_Problem to work on_
Exclude images; transcribe the rest of the data exactly.

═══ Provided data

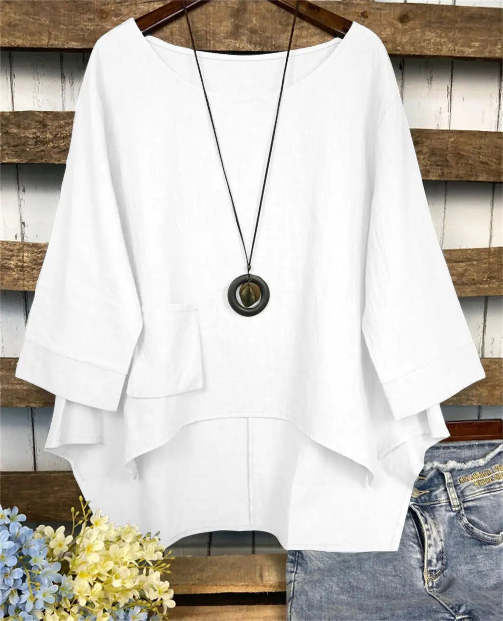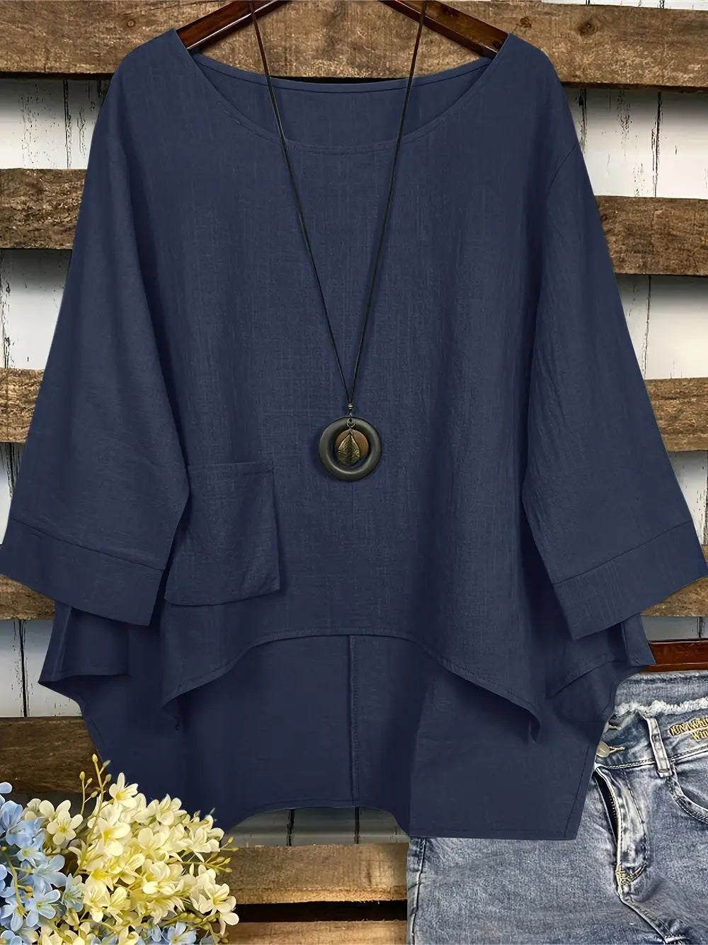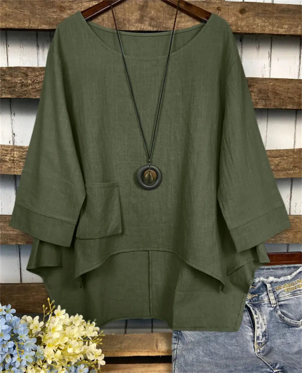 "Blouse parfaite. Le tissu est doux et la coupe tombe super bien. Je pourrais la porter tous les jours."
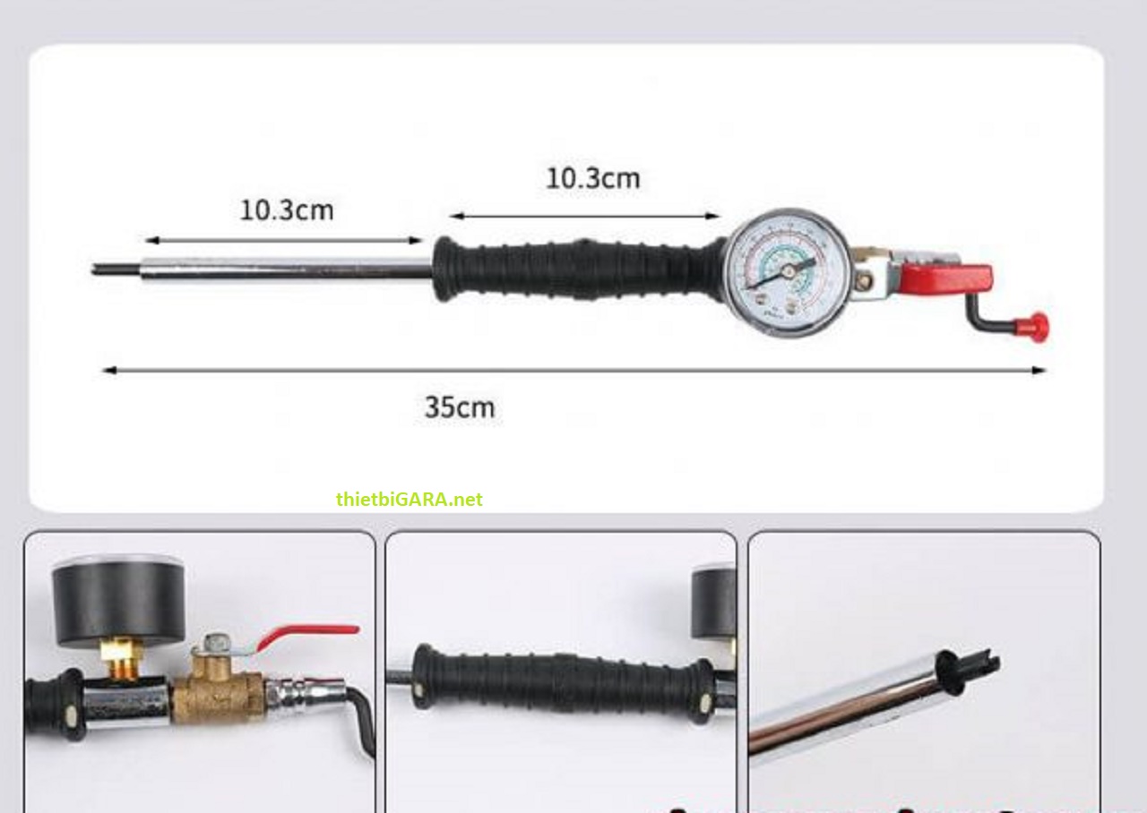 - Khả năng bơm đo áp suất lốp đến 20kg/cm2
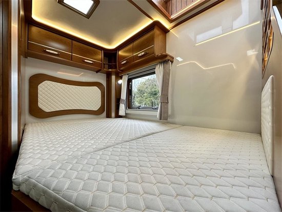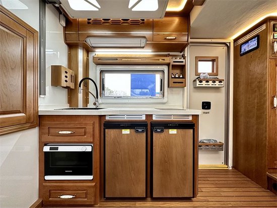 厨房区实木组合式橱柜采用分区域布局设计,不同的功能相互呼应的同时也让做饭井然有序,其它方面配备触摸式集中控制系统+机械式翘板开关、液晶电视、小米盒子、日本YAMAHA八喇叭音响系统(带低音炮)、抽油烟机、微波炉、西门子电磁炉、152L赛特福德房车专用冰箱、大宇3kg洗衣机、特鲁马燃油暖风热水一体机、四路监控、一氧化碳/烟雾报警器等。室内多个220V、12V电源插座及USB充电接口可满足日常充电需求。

══════

_Exercise response_
 "Blouse parfaite. Le tissu est doux et la coupe tombe super bien. Je pourrais la porter tous les jours."
 - Khả năng bơm đo áp suất lốp đến 20kg/cm2
 厨房区实木组合式橱柜采用分区域布局设计,不同的功能相互呼应的同时也让做饭井然有序,其它方面配备触摸式集中控制系统+机械式翘板开关、液晶电视、小米盒子、日本YAMAHA八喇叭音响系统(带低音炮)、抽油烟机、微波炉、西门子电磁炉、152L赛特福德房车专用冰箱、大宇3kg洗衣机、特鲁马燃油暖风热水一体机、四路监控、一氧化碳/烟雾报警器等。室内多个220V、12V电源插座及USB充电接口可满足日常充电需求。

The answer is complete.